* _WHAT TO PRODUCE_
Would you print each of the entries below precisely as given?

SOURCE DATA: Begin

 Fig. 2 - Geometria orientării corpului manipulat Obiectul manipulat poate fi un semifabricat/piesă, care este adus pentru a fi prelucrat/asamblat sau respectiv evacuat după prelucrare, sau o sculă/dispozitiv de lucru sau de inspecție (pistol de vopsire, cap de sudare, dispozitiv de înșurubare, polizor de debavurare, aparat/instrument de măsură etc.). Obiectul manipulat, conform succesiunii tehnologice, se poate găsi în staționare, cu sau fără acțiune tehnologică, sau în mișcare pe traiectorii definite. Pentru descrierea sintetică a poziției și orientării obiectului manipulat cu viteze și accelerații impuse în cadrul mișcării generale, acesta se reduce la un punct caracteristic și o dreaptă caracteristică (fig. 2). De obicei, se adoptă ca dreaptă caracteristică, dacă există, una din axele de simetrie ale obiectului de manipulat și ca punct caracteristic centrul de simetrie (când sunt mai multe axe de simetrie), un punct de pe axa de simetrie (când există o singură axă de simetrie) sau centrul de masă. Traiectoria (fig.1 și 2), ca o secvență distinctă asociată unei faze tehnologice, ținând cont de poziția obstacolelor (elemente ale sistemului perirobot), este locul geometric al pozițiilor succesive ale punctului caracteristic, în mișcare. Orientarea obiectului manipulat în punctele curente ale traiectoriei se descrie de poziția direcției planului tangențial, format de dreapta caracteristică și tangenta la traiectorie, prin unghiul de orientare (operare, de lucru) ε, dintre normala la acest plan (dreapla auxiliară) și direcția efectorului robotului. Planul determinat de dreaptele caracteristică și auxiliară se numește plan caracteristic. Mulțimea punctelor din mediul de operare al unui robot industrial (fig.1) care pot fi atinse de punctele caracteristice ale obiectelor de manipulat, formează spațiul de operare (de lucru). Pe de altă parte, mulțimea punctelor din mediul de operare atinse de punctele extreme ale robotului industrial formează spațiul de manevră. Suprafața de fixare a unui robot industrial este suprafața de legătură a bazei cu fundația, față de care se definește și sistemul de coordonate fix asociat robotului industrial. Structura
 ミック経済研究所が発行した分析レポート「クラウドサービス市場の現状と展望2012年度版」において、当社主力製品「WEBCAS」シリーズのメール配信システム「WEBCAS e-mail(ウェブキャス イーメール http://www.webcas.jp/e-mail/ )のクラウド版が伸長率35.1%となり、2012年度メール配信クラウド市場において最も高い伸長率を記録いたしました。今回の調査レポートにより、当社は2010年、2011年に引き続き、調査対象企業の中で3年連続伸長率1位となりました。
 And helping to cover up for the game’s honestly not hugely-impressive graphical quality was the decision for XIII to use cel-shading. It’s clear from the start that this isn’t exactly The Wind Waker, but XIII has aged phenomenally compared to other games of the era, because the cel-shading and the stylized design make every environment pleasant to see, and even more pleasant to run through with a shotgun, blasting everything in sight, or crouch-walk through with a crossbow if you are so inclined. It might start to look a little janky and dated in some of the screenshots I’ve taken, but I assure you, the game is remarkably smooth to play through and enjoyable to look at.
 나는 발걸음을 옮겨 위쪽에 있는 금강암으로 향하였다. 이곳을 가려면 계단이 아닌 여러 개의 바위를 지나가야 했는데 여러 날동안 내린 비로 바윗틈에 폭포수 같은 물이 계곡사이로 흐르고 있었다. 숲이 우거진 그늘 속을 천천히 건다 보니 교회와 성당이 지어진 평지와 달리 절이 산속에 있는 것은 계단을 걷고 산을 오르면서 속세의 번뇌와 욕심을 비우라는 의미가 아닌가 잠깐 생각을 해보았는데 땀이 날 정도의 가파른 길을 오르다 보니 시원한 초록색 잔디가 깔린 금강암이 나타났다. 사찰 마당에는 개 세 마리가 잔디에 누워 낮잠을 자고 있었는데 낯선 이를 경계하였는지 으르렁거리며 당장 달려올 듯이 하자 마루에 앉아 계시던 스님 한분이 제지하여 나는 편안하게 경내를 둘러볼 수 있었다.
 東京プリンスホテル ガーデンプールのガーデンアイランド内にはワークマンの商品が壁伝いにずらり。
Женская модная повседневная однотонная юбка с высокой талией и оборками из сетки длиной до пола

SOURCE DATA: End

* _ANSWER TO THIS TASK_
 Fig. 2 - Geometria orientării corpului manipulat Obiectul manipulat poate fi un semifabricat/piesă, care este adus pentru a fi prelucrat/asamblat sau respectiv evacuat după prelucrare, sau o sculă/dispozitiv de lucru sau de inspecție (pistol de vopsire, cap de sudare, dispozitiv de înșurubare, polizor de debavurare, aparat/instrument de măsură etc.). Obiectul manipulat, conform succesiunii tehnologice, se poate găsi în staționare, cu sau fără acțiune tehnologică, sau în mișcare pe traiectorii definite. Pentru descrierea sintetică a poziției și orientării obiectului manipulat cu viteze și accelerații impuse în cadrul mișcării generale, acesta se reduce la un punct caracteristic și o dreaptă caracteristică (fig. 2). De obicei, se adoptă ca dreaptă caracteristică, dacă există, una din axele de simetrie ale obiectului de manipulat și ca punct caracteristic centrul de simetrie (când sunt mai multe axe de simetrie), un punct de pe axa de simetrie (când există o singură axă de simetrie) sau centrul de masă. Traiectoria (fig.1 și 2), ca o secvență distinctă asociată unei faze tehnologice, ținând cont de poziția obstacolelor (elemente ale sistemului perirobot), este locul geometric al pozițiilor succesive ale punctului caracteristic, în mișcare. Orientarea obiectului manipulat în punctele curente ale traiectoriei se descrie de poziția direcției planului tangențial, format de dreapta caracteristică și tangenta la traiectorie, prin unghiul de orientare (operare, de lucru) ε, dintre normala la acest plan (dreapla auxiliară) și direcția efectorului robotului. Planul determinat de dreaptele caracteristică și auxiliară se numește plan caracteristic. Mulțimea punctelor din mediul de operare al unui robot industrial (fig.1) care pot fi atinse de punctele caracteristice ale obiectelor de manipulat, formează spațiul de operare (de lucru). Pe de altă parte, mulțimea punctelor din mediul de operare atinse de punctele extreme ale robotului industrial formează spațiul de manevră. Suprafața de fixare a unui robot industrial este suprafața de legătură a bazei cu fundația, față de care se definește și sistemul de coordonate fix asociat robotului industrial. Structura
 ミック経済研究所が発行した分析レポート「クラウドサービス市場の現状と展望2012年度版」において、当社主力製品「WEBCAS」シリーズのメール配信システム「WEBCAS e-mail(ウェブキャス イーメール http://www.webcas.jp/e-mail/ )のクラウド版が伸長率35.1%となり、2012年度メール配信クラウド市場において最も高い伸長率を記録いたしました。今回の調査レポートにより、当社は2010年、2011年に引き続き、調査対象企業の中で3年連続伸長率1位となりました。
 And helping to cover up for the game’s honestly not hugely-impressive graphical quality was the decision for XIII to use cel-shading. It’s clear from the start that this isn’t exactly The Wind Waker, but XIII has aged phenomenally compared to other games of the era, because the cel-shading and the stylized design make every environment pleasant to see, and even more pleasant to run through with a shotgun, blasting everything in sight, or crouch-walk through with a crossbow if you are so inclined. It might start to look a little janky and dated in some of the screenshots I’ve taken, but I assure you, the game is remarkably smooth to play through and enjoyable to look at.
 나는 발걸음을 옮겨 위쪽에 있는 금강암으로 향하였다. 이곳을 가려면 계단이 아닌 여러 개의 바위를 지나가야 했는데 여러 날동안 내린 비로 바윗틈에 폭포수 같은 물이 계곡사이로 흐르고 있었다. 숲이 우거진 그늘 속을 천천히 건다 보니 교회와 성당이 지어진 평지와 달리 절이 산속에 있는 것은 계단을 걷고 산을 오르면서 속세의 번뇌와 욕심을 비우라는 의미가 아닌가 잠깐 생각을 해보았는데 땀이 날 정도의 가파른 길을 오르다 보니 시원한 초록색 잔디가 깔린 금강암이 나타났다. 사찰 마당에는 개 세 마리가 잔디에 누워 낮잠을 자고 있었는데 낯선 이를 경계하였는지 으르렁거리며 당장 달려올 듯이 하자 마루에 앉아 계시던 스님 한분이 제지하여 나는 편안하게 경내를 둘러볼 수 있었다.
 東京プリンスホテル ガーデンプールのガーデンアイランド内にはワークマンの商品が壁伝いにずらり。
Женская модная повседневная однотонная юбка с высокой талией и оборками из сетки длиной до пола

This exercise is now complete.